最低賃金相談の類型で最も多くの事例は賞与金、食事代、交通費など最低賃金への算入対象がない賃金項目を基本給化する方式だった。裁判所は労働契約書に明示された賃金項目、賃金支給方法について不利益変更する場合、就業規則不利益変更手続きだけでなく、勤労契約書の内容変更のために個々の労働者の同意も経なければならないと判示している。
朴主永、民主労総・法律院労務士は「個別労働者の変更なしに勤労契約書上の賃金項目を任意に廃止、基本給に変更することは無効」と強調した。
さらに、「特に、就業規則不利益変更に同意しなければ、退職強要または整理解雇をするしかないとか会社廃業を行うと脅かして同意を督促する事例が頻発する」、「労使協議会の合意だけでは就業規則不利益変更が不可能であることもまるで労使協議会ですでに合意され、基本給化されることを既成事実のようにだまして労働者に個別同意書に署名することを要求するのは違法行動として厳しい制裁が必要だ」と話した。
民主労総は最低賃金法の実効性の確保に向けて△監督強化のための専担勤労監督官制度の導入及び名誉勤労監督官運営△懲罰的損害賠償制度、常習最低賃金違反事業場の処罰強化△、最低賃金違反申告の簡素化、最低賃金遵守イプジュン責任を労働者で使用者に転換△最低賃金未払い賃金労働部、前払い、後代位権行使など、制度の見直し△公共部門の最低賃金遵守対策の提示など法制度改善を行わなければならないと主張した。
(「労働と世界」より)

朝鮮半島通信

▲大韓民国(以下、韓国)の宋永武国防相は2月20日、延期していたアメリカと韓国による合同軍事演習の実施時期を、「3月中に発表する」と述べた。合同軍事演習については2月19日、朝鮮民主主義人民共和国(以下、朝鮮)の労働新聞が「情勢を激化させる戦争狂信者たちの挑発行為」と題する個人名の論評で、「アメリカ政府は、韓国との軍事演習の実施により、南北朝鮮の改善に向かっている関係にダメージを与えるだろう」「再び核実験を行うことになる」と警告している。
▲韓国統一省は2月22日、朝鮮が平昌冬季五輪の閉会式に対韓国政策を統括する朝鮮労働党の金英哲中央委員会副委員長・統一戦線部長を派遣すると通知してきたことを明らかにした。

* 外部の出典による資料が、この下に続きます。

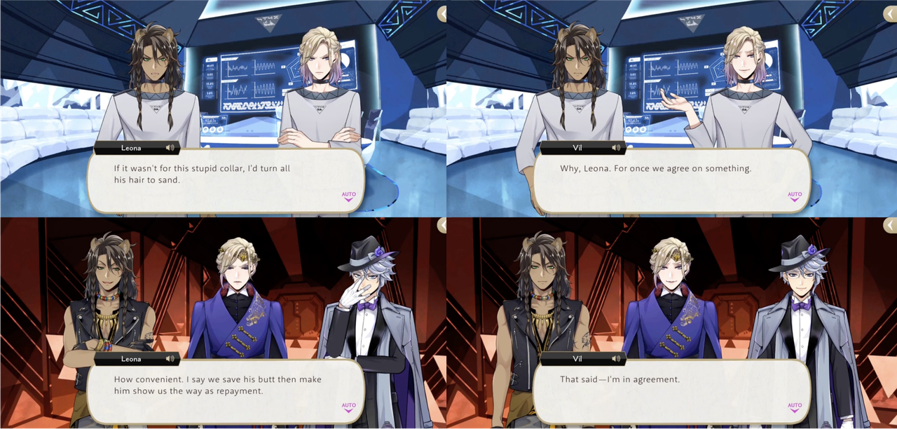 When Leona dismisses Crowley’s idea to retire Malleus in Book 2 Vil agrees with him, and they are simultaneously competitors and allies during Phantom Bride when they both become motivated to show up Malleus.

▲産経新聞元ソウル支局長が記事で韓国の朴槿恵大統領(当時)の名誉を傷つけたとして罪に問われた裁判を巡り、ソウル中央地裁は20日までに、韓国政府に対して、無罪判決を受けた元支局長に刑事補償金700万ウォンを支払うよう命じた。
▲ソウル東部地検「ダース捜査チーム」は2月19日、
中間捜査結果を発表した。中間捜査結果は、李元大統領一家の秘密資金造成が「2008年2〜3月まで続いていたことを確認した」としている。